Introduction
Clusters represent subgroups within the data that share similar
patterns. Such patterns may reflect similar temporal dynamics (when we
are analyzing sequence data, for example) or relationships between
variables (as is the case in psychological networks). Units within the
same cluster are more similar to each other, while units in different
clusters differ more substantially. In this vignette, we demonstrate how
to perform clustering on sequence data using Nestimate.
Data
To illustrate clustering, we will use the human_cat
dataset, which contains 10,796 coded human interactions from 429
human-AI pair from programming sessions across 34 projects classified
into 9 behavioral categories. Each row represents a single interaction
event with a timestamp, session identifier, and category label.
library(Nestimate)
data("human_cat")
head(human_cat)
#> id project session_id timestamp session_date actor
#> 5094 3439 Project_7 0086cabebd15 2026-03-05T11:32:52.057Z 2026-03-05 Human
#> 5095 3439 Project_7 0086cabebd15 2026-03-05T11:32:52.057Z 2026-03-05 Human
#> 5096 3439 Project_7 0086cabebd15 2026-03-05T11:32:52.057Z 2026-03-05 Human
#> 5097 3440 Project_7 0086cabebd15 2026-03-05T11:32:52.068Z 2026-03-05 Human
#> 5100 3442 Project_7 0086cabebd15 2026-03-05T11:39:19.098Z 2026-03-05 Human
#> 5103 3444 Project_7 0086cabebd15 2026-03-05T11:41:55.500Z 2026-03-05 Human
#> code category superclass
#> 5094 Context Specify Directive
#> 5095 Direct Command Directive
#> 5096 Specification Specify Directive
#> 5097 Interrupt Interrupt Metacognitive
#> 5100 Verification Verify Evaluative
#> 5103 Specification Specify DirectiveWe can build a transition network using this dataset using
build_network. We need to determine the actor
(session_id), the action
(session_id), and the time
(timestamp). We will use the overall network object as the
starting point to find subgroups since it structures the raw data into
the appropriate units of analysis to perform clustering.

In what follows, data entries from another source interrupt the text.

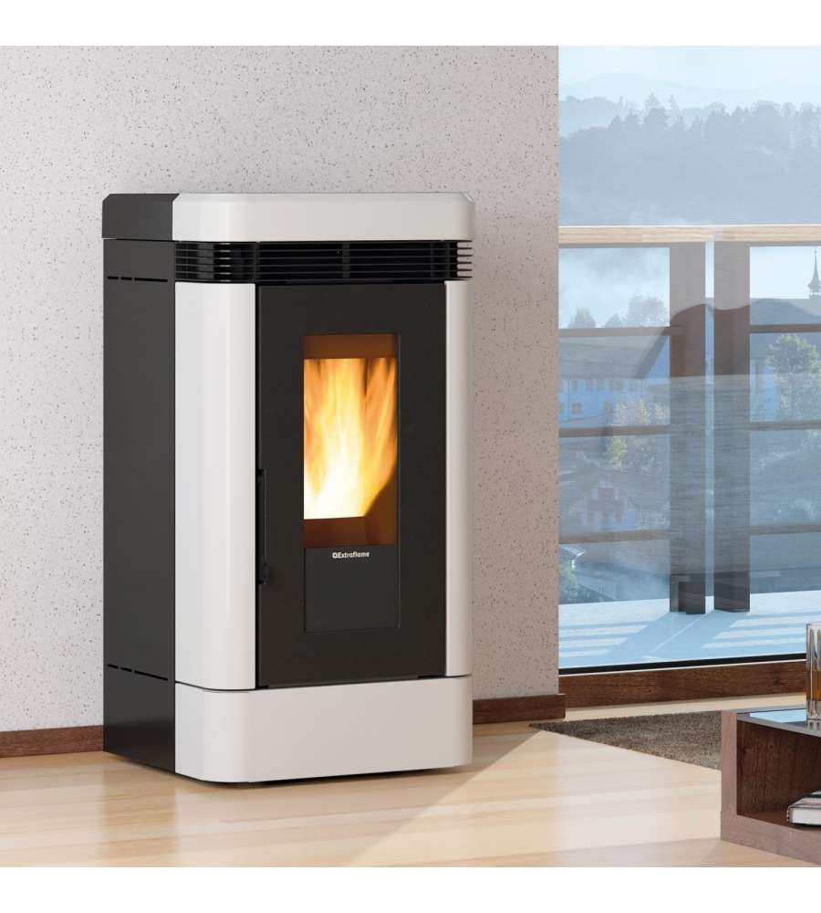 La stufa a pellet Lucia Plus Bianca di Extraflame rappresenta una soluzione ideale per il riscaldamento domestico, combinando potenza e design. Con una potenza variabile da 3,6 kW a 12 kW, questa stufa è in grado di riscaldare spazi fino a 344 m³, garantendo un comfort ottimale anche nei periodi più freddi. La sua canalizzazione fino a 8 metri e la ventilazione frontale consentono una distribuzione uniforme del calore in tutta la casa. Inoltre, il Wi-Fi integrato permette un controllo remoto semplice e intuitivo, offrendo la possibilità di programmare il funzionamento della stufa direttamente dallo smartphone. Il rivestimento in maiolica bianco non solo conferisce un tocco di eleganza all'ambiente, ma assicura anche un'elevata efficienza e rendimento.
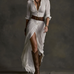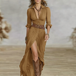 Légi, lélegző pamut és vaiszon hatású anyagból készült, ez a hosszú ruha folyó pliszírozott szoknyát , fordított gallért és egy egyszerű gombos elülső záródást kínál, amely egyensúlyt teremt a kifinomultság és a kényelem között.
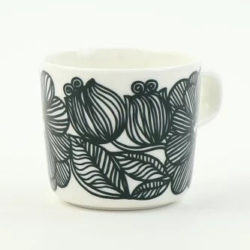 ゼラニウムの花を描いたKurjenpolvi(クルイェンポルヴィ)柄のコーヒーカップです。デザインを手がけたのは、マリメッコの人気デザイナーであるアイノ・マイヤ・メツォラです。大胆な線画で、ゼラニウムの花のほか豊かな花々・・・
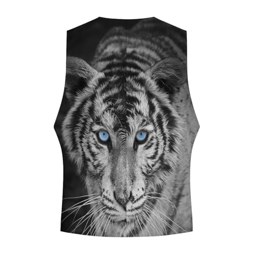 White Tiger with Blue Eyes Men's Suit Vest Slim Fit V-Ncek Waistcoat Business Casual Vest 4
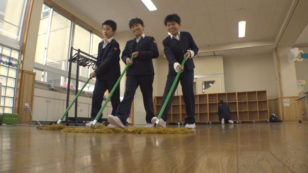 上越教育大学附属小学校で5日、新6年生になる児童がひと足早く登校し、新年度に向け全学年の教室で備品の移動や清掃作業にあたった。
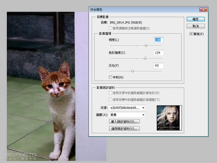 (上图)这时会跳出符合颜色的调整列,在影像统计资料的图层里,选择想撷取色调照片的档案名字。在完成选择后,照片就会套用悲惨世界剧照的整体色调,让你做预览。
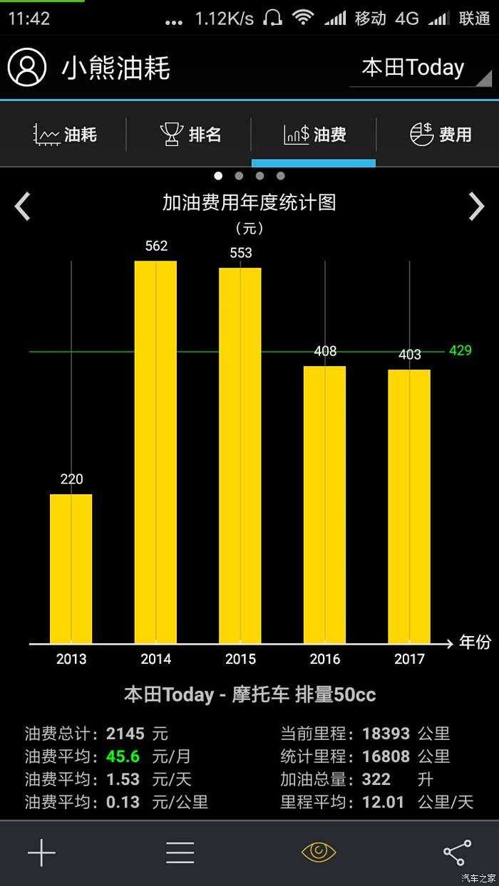 费用来说也是很低了,除去交强险什么的,爆胎,改装等等,也绝对是可以接受的范围。油费一个月不到50,一天不到1.53,真是比公交还省啊!
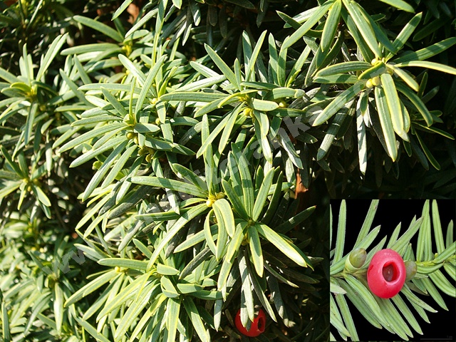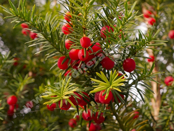 Taxus baccata, Jew tree is a small- to medium-sized evergreen tree, growing 10–20 metres tall, with a trunk up to 2 metres diameter. The leaves are lanceolate, flat, dark green, 1–4 centimetres long and 2–3 millimetres broad, the leaves are highly poisonous.
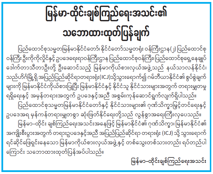 မြန်မာ-ထိုင်းချစ်ကြည်ရေးအသင်း၏ သဘောထားထုတ်ပြန်ချက်
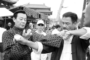 | 寇世勋(左)、尤勇(右)在《虎山行》片场研究动作戏 |
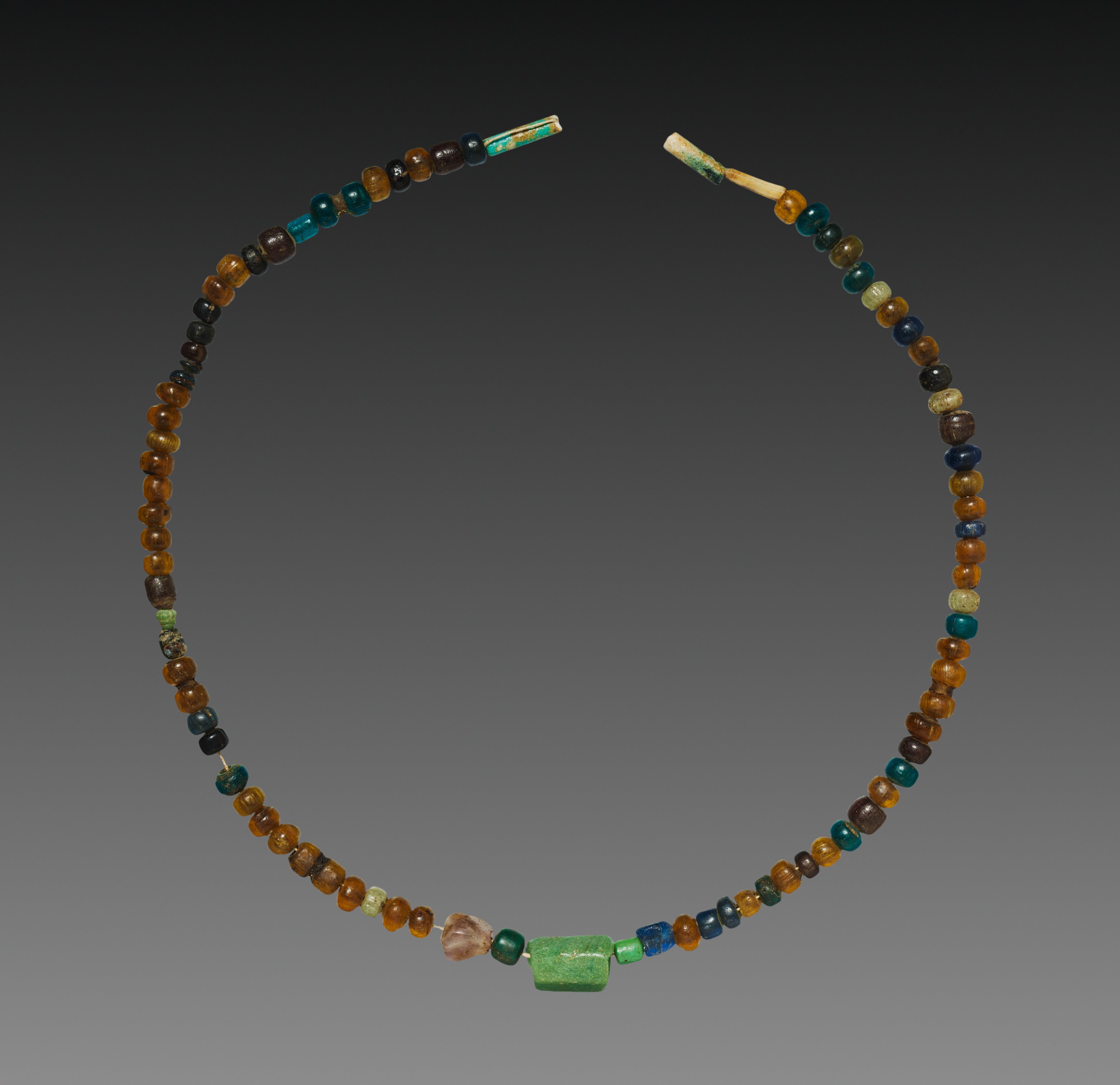 Necklace by unidentified artist. A necklace made of variously shaped and sized beads. The beads are predominantly spherical, though some are cylindrical or irregularly shaped. Colors include amber, brown, teal, green, blue, black, and tan. A cylindrical ivory or bone piece is at one end. Background is dark gray to black gradient.
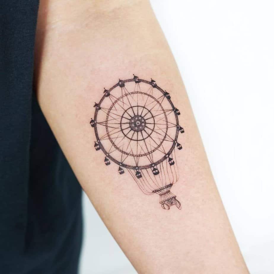 This one gives me daydream vibes: a Ferris wheel paired with a hot air balloon for that carnival-in-the-sky feeling. It’s whimsical without being childish, perfect if you love small adventures and nostalgia.
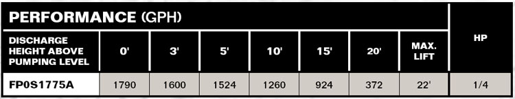 FLOW at 10' LIFT: 1260 GPH
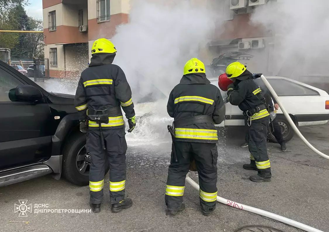 Гасили 9 рятувальників: у центрі Дніпра спалахнув автомобіль

net <- build_network(human_cat,
method = "tna",
action = "category",
actor = "session_id",
time = "timestamp")
#> Metadata aggregated per session: ties resolved by first occurrence in 'code' (628 sessions), 'superclass' (158 sessions)Dissimilarity-based Clustering
Dissimilarity-based clustering groups units of analysis (in our case,
sessions, since that is what we provided as actor) by
directly comparing their observed sequences. In our case, each session
is represented by its sequence of actions, and similarity between
sessions is defined using a distance metric that quantifies how
different two sequences are.
To implement this method using Nestimate, we can use the
cluster_data() function, which takes either raw sequence
data or a network object such as the net object that we
estimated (which also contains the original sequences in
$data):
clust <- cluster_data(net, k = 3)
clust
#> Sequence Clustering
#> Method: pam
#> Dissimilarity: hamming
#> Clusters: 3
#> Silhouette: 0.1305
#> Cluster sizes: 302, 753, 380
#> Medoids: 1429, 80, 128The default clustering mechanism uses Hamming distance (number of positions where sequences differ) with PAM (Partitioning Around Medoids).
The result contains the cluster assignments (which
cluster each session belongs to), the cluster sizes, and a
silhouette score that reflects the quality of the
clustering (higher values indicate better separation between clusters),
among other useful information.
# Cluster assignments (first 20 sessions)
head(clust$assignments, 20)
#> [1] 1 2 3 1 2 2 2 1 2 2 3 2 3 2 2 3 2 2 2 3
# Cluster sizes
clust$sizes
#> 1 2 3
#> 302 753 380
# Silhouette score (clustering quality: higher is better)
clust$silhouette
#> [1] 0.1305163Visualizing Clusters
The silhouette plot shows how well each sequence fits its assigned cluster. Values near 1 indicate good fit; values near 0 suggest the sequence is between clusters; negative values indicate possible misclassification.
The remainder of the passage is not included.